• **Directions**: The pictures stay out. Please retype every line below exactly.

• **The data**:

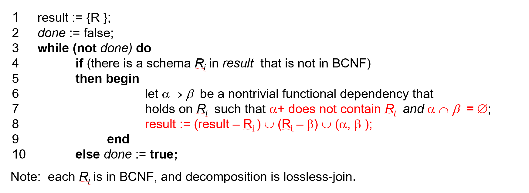 - Each attribute A in \(\beta - \alpha\) is contained in a candidate key for \(R\)
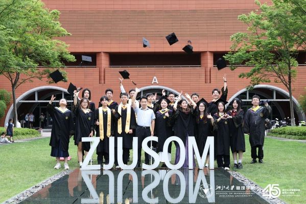 王文明与2021级智能财务班毕业生的合影,他两次获评“浙江大学优秀班主任”
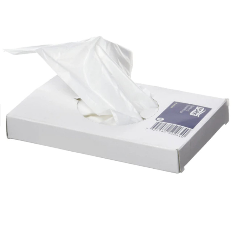 Punguta Sanitara Tork este ideala pentru eliminarea curata si discreta a reziduurilor igienice, retinand mirosul in interior atunci cand este pusa in cosul de gunoi.

• **Written answer**:
 - Each attribute A in \(\beta - \alpha\) is contained in a candidate key for \(R\)
 王文明与2021级智能财务班毕业生的合影,他两次获评“浙江大学优秀班主任”
 Punguta Sanitara Tork este ideala pentru eliminarea curata si discreta a reziduurilor igienice, retinand mirosul in interior atunci cand este pusa in cosul de gunoi.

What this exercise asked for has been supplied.